### Your instructions
Set down each line of the records once more, precisely, and omit the pictures.

### The data
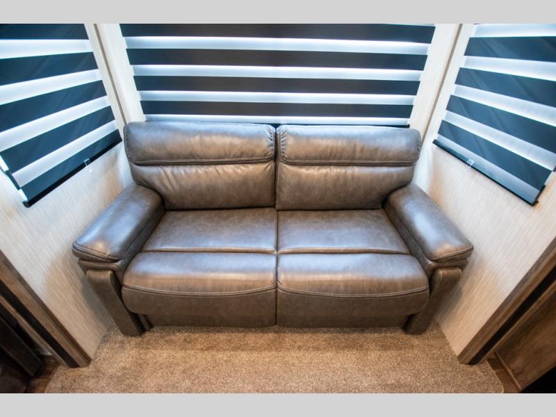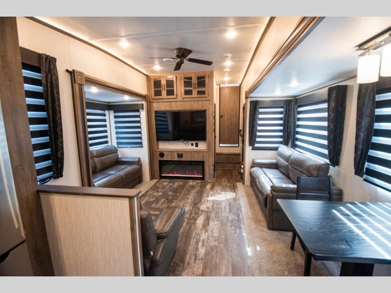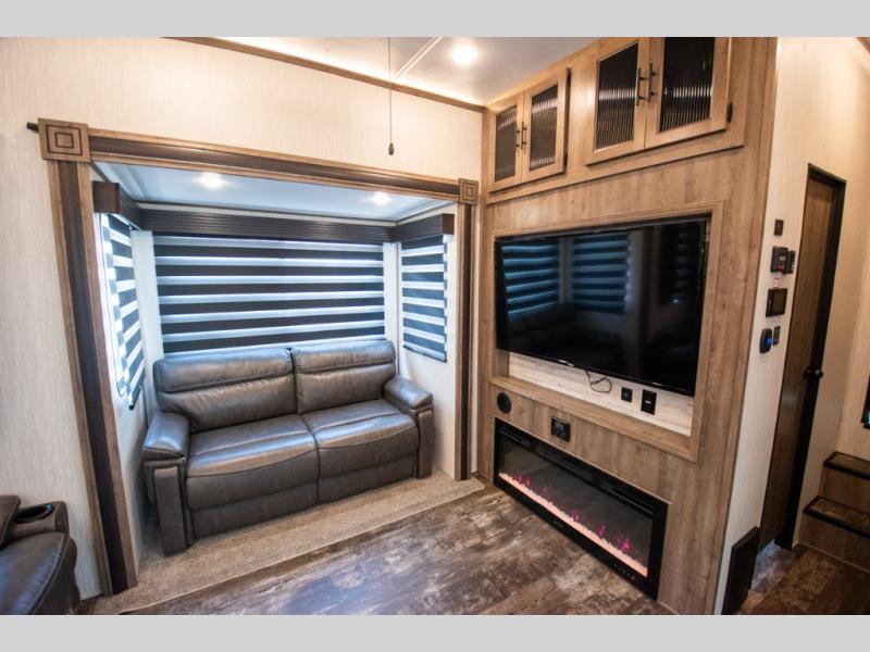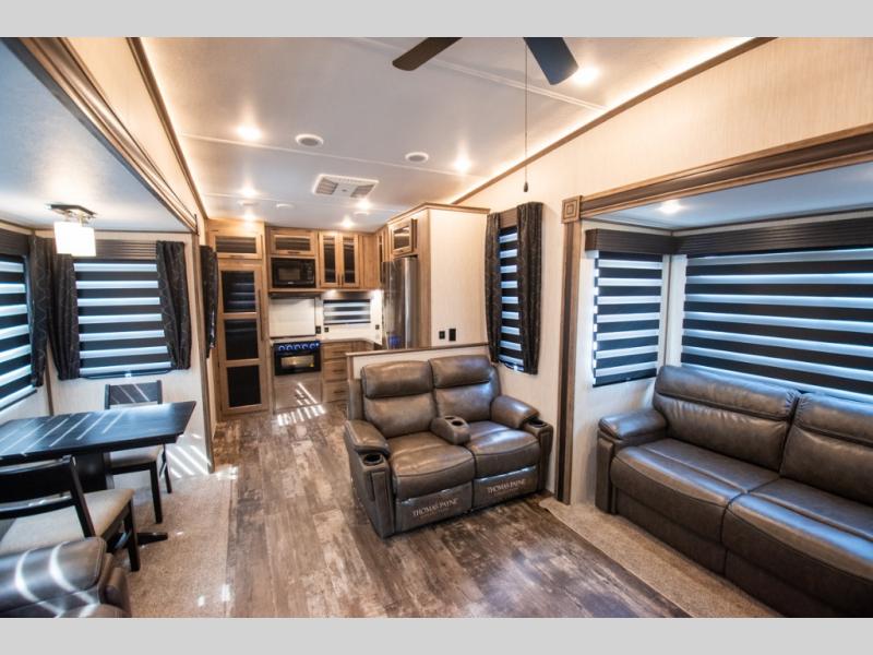 The amenities found in this fifth wheel are exceptional! There is a full bathroom with a dual-sink vanity, a shower, and a full-size wardrobe within the front master suite that will allow you to spend your evenings in complete comfort and convenience. There is an additional half bathroom located right next to the main living area so that your guests also have access to their own facilities while staying the night on the two tri-fold hide-a-bed sofas. You and your spouse can relax on the home theatre seating that is directly across from the residential-size LED TV. And everyone will appreciate finding a residential refrigerator in the rear kitchen late at night when a sugar craving strikes. You can even sit down at the free-standing table with chairs to enjoy that late-night snack.
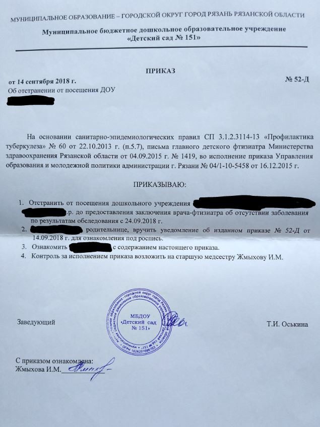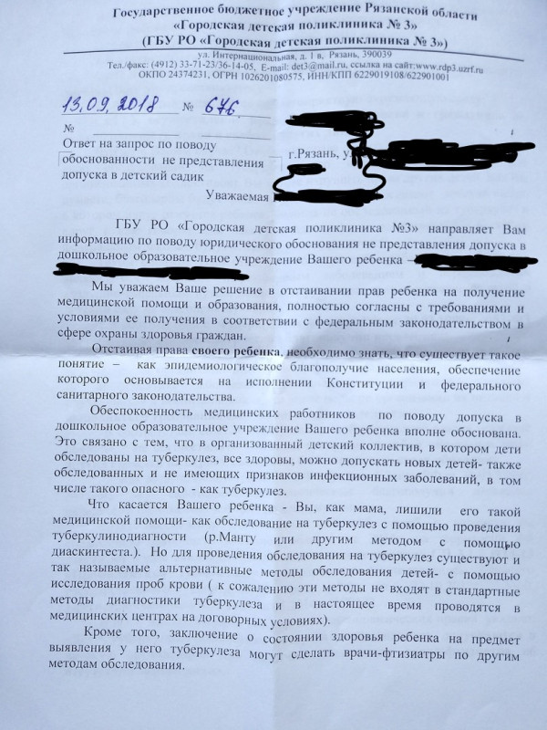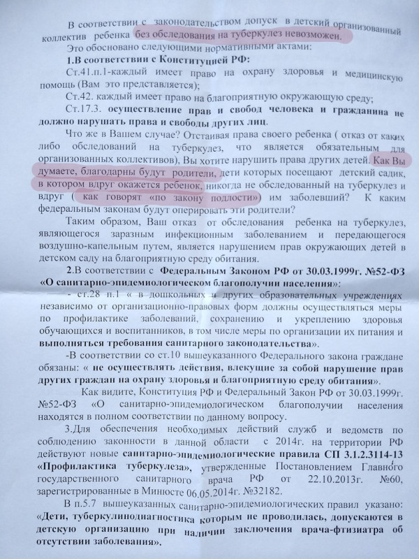 «К карте ребенка прикреплен отказ от всех профилактических прививок и от противотуберкулезной помощи, на который не обращают внимания ни медработники, ни заведующая садом. Ребенок обследован, имеются результаты рентгена (делали по показаниям), у родителей свежая ФЛГ — норма, на учете не состоим, в контакте с больными туберкулезом не были и не являемся социально неблагополучной семьей. Также у ребенка имеется справка от участкового врача-педиатра о том, что ребенок ЗДОРОВ. Нам навязывают услуги, заставляют посетить врача, это неправомерно. Ребенка отстранили от посещения д/с с 24.09.2018 г.»
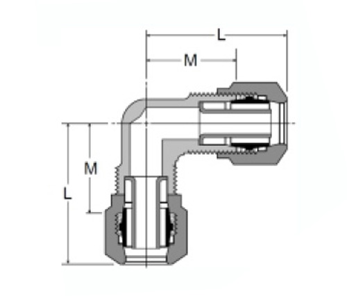 Denne unions albuen er tilgjengelig i et bredt spekter av størrelser og brukes til applikasjoner som sekundære luftturlinjer og hydrauliske bremsapplikasjoner, inkludert primær- og sekundærlinjer.
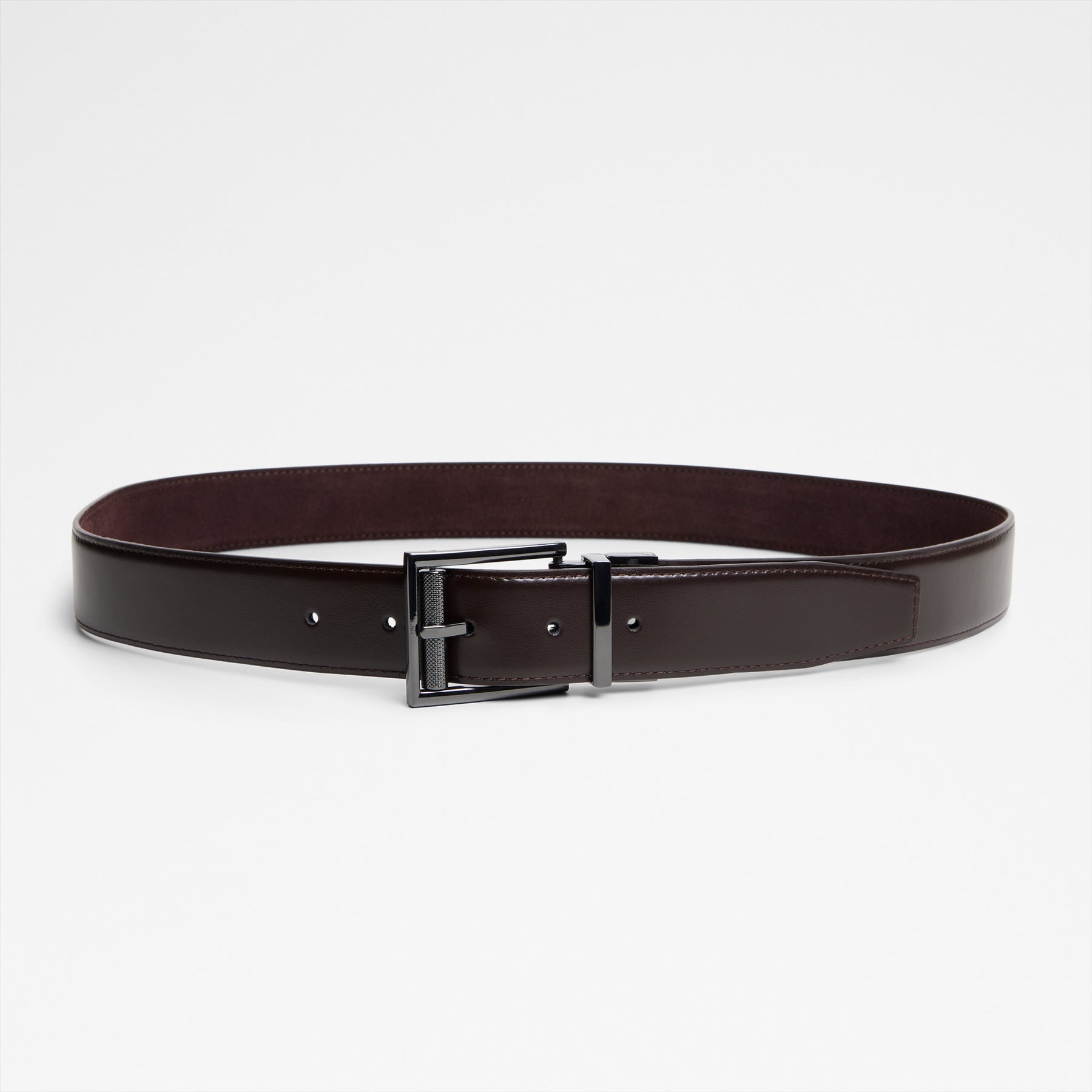 Cinto BENJJAMIN para homem, em pele, em castanho e com fecho de fivela metálica ajustável em prateado. Reversível: com diferentes texturas.
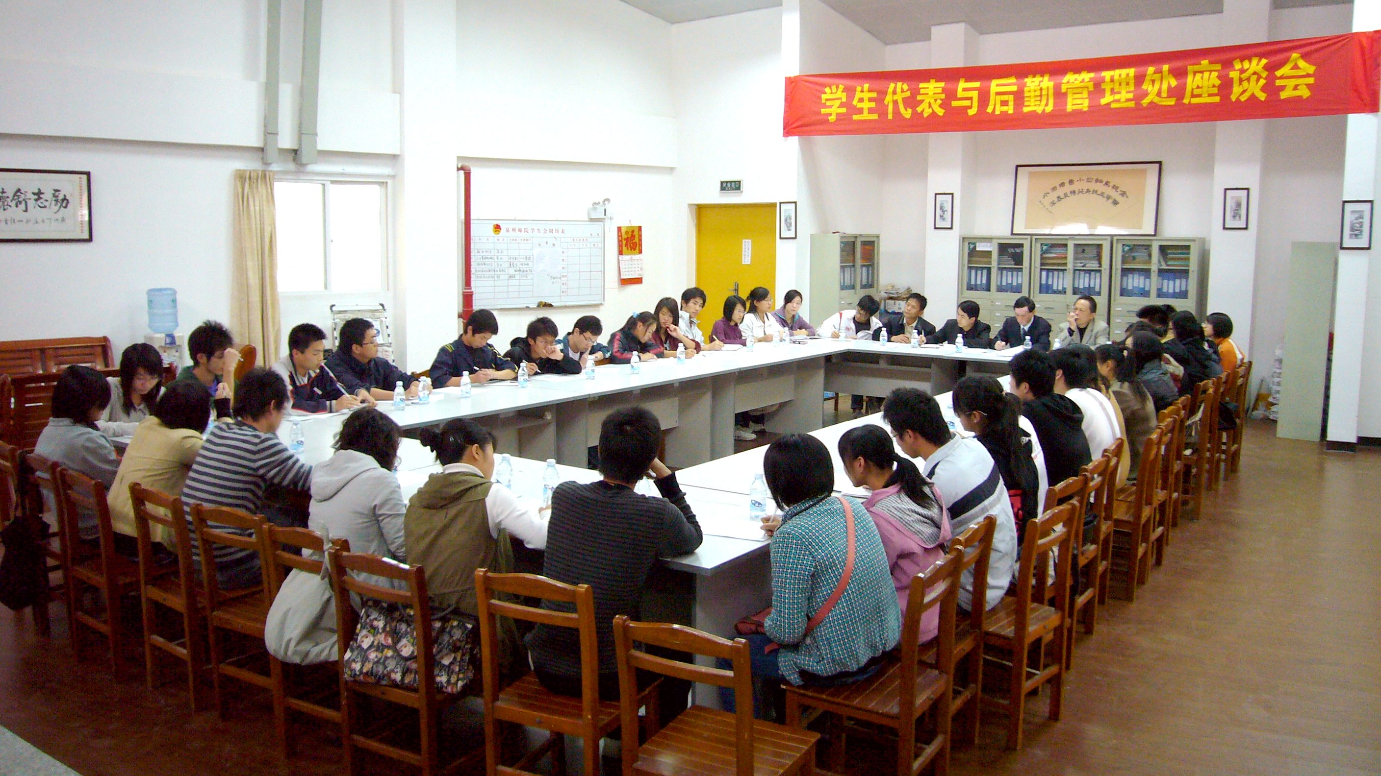 为促进学校发展,及时、有效地解决我校在后勤保障方面存在的问题,124日下午,我校学生代表与后勤管理处座谈会在学生活动中心二楼校学生会办公室举行。活动由校团委会、学生会主办。后勤管理处、后勤集团相关负责人以及来自各二级学院近50名学生代表出席了座谈会。

### Answer to this task
 The amenities found in this fifth wheel are exceptional! There is a full bathroom with a dual-sink vanity, a shower, and a full-size wardrobe within the front master suite that will allow you to spend your evenings in complete comfort and convenience. There is an additional half bathroom located right next to the main living area so that your guests also have access to their own facilities while staying the night on the two tri-fold hide-a-bed sofas. You and your spouse can relax on the home theatre seating that is directly across from the residential-size LED TV. And everyone will appreciate finding a residential refrigerator in the rear kitchen late at night when a sugar craving strikes. You can even sit down at the free-standing table with chairs to enjoy that late-night snack.
 «К карте ребенка прикреплен отказ от всех профилактических прививок и от противотуберкулезной помощи, на который не обращают внимания ни медработники, ни заведующая садом. Ребенок обследован, имеются результаты рентгена (делали по показаниям), у родителей свежая ФЛГ — норма, на учете не состоим, в контакте с больными туберкулезом не были и не являемся социально неблагополучной семьей. Также у ребенка имеется справка от участкового врача-педиатра о том, что ребенок ЗДОРОВ. Нам навязывают услуги, заставляют посетить врача, это неправомерно. Ребенка отстранили от посещения д/с с 24.09.2018 г.»
 Denne unions albuen er tilgjengelig i et bredt spekter av størrelser og brukes til applikasjoner som sekundære luftturlinjer og hydrauliske bremsapplikasjoner, inkludert primær- og sekundærlinjer.
 Cinto BENJJAMIN para homem, em pele, em castanho e com fecho de fivela metálica ajustável em prateado. Reversível: com diferentes texturas.
 为促进学校发展,及时、有效地解决我校在后勤保障方面存在的问题,124日下午,我校学生代表与后勤管理处座谈会在学生活动中心二楼校学生会办公室举行。活动由校团委会、学生会主办。后勤管理处、后勤集团相关负责人以及来自各二级学院近50名学生代表出席了座谈会。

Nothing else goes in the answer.